Officials hope that families who have current players in the basketball program or have had players in the past will donate by going to laparksfoundation.org/EN/park/29-palisades_recreation_center.html and designating the small gym project. Money raised will be used exclusively for the gym.

The Palisades Recreation Center small gym as it looks now.

Another fundraiser in the works is to make the playground ADA compliant. The topic was first raised in 2014, when the playground was already out of compliance. Playgrounds are no longer described in terms of how many swings and kinds of slides, but in the differences between ADA compliant (required by law) and accessible and inclusive.

The PAB board had investigated an inclusive or universally accessible playground, which goes a step beyond ADA compliant and allows access to children of all abilities. At the time, the cost for an inclusive playground was estimated at between $300,000 to $700,000.

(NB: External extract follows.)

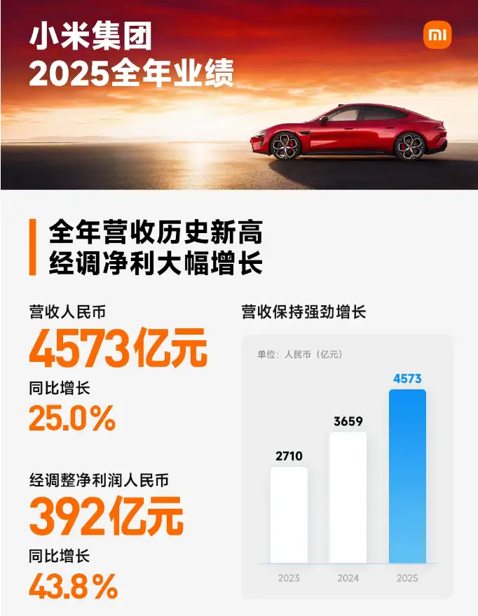 小米集團近日公布2025年度財務報告,全年營收突破4572.9億元人民幣,較上年增長25%,調整后凈利潤達391.7億元,同比增長44%,超出市場預估的391.2億元。這一成績單中,智能電動汽車及AI等創新業務表現尤為亮眼,全年收入達1061億元,同比激增223.8%,成為集團增長的核心引擎。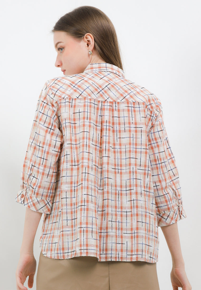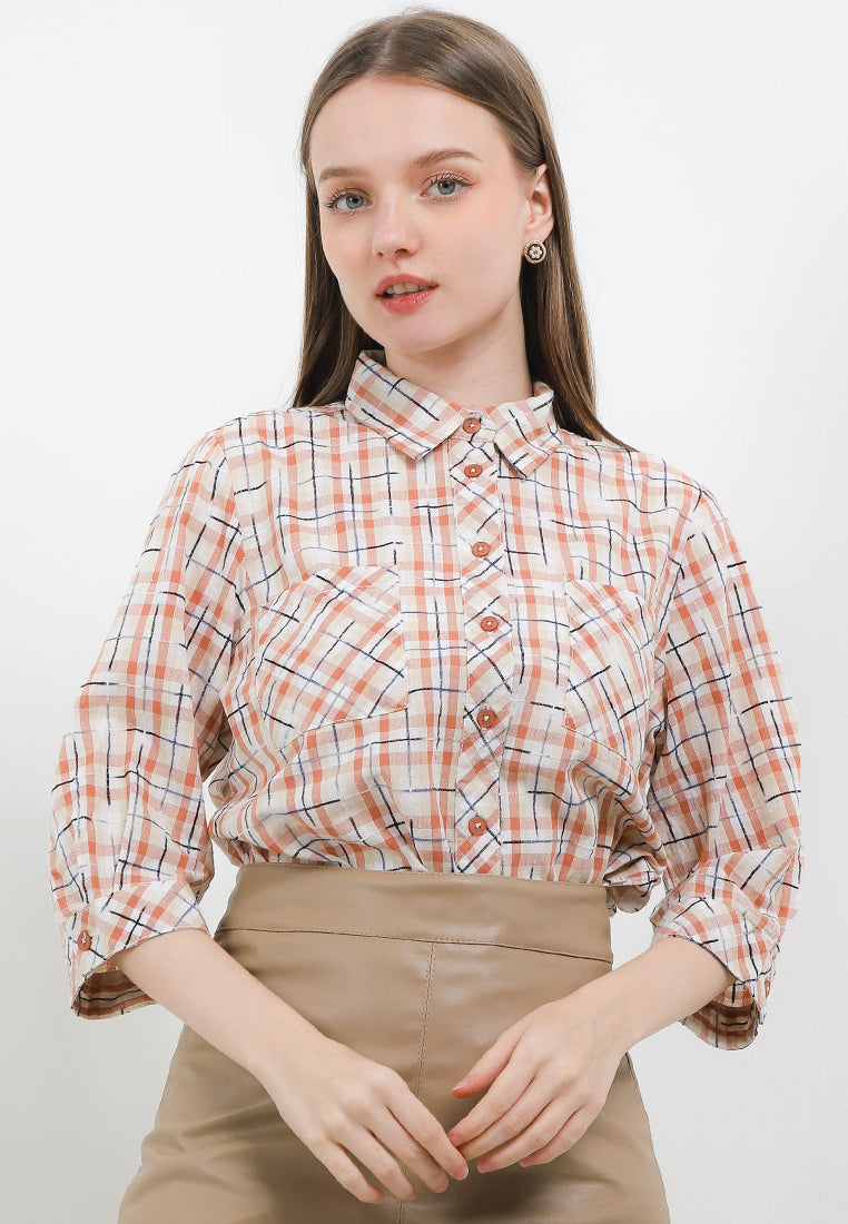 Triset Blouse reguler fit, motif kotak - kotak, model kerah kemeja, panjang lengan 7/8, bahan bertekstur timbul, detail material katun polyester.

At the latest PAB meeting, park director Erich Haas said he thought the city would build an ADA-approved playground, estimated at $400,000. The question is, “Would the community raise the rest of the money needed for an inclusive playground?”

Those interested in the playground project should attend the next PAB meeting in April.

How the Palisades Recreation Center small gym could look after renovation.

The PAB board also discussed the Veterans Garden/ bocce-ball courts in the upper picnic area, which has been in the planning stage for many months.

If the community raises $200,000, American Legion Post 283 will donate an additional $400,000 to build three bocce courts and five outdoor “living rooms” that would commemorate Post 283, with five service monuments celebrating the Army, Navy, Air Force, Marines and Coast Guard.

Opportunities to give will be unveiled soon, with the possibility of naming rights for the individual courts and the “rooms.” Initial costs were projected at $133,000 for landscaping, $124,000 for walkways, $53,000 for picnic tables, benches and barbecues, $160,000 for bocce courts, $50,000 for contingencies and $60,000 for three years of maintenance.

The recreation center received an A- grade from the city last year.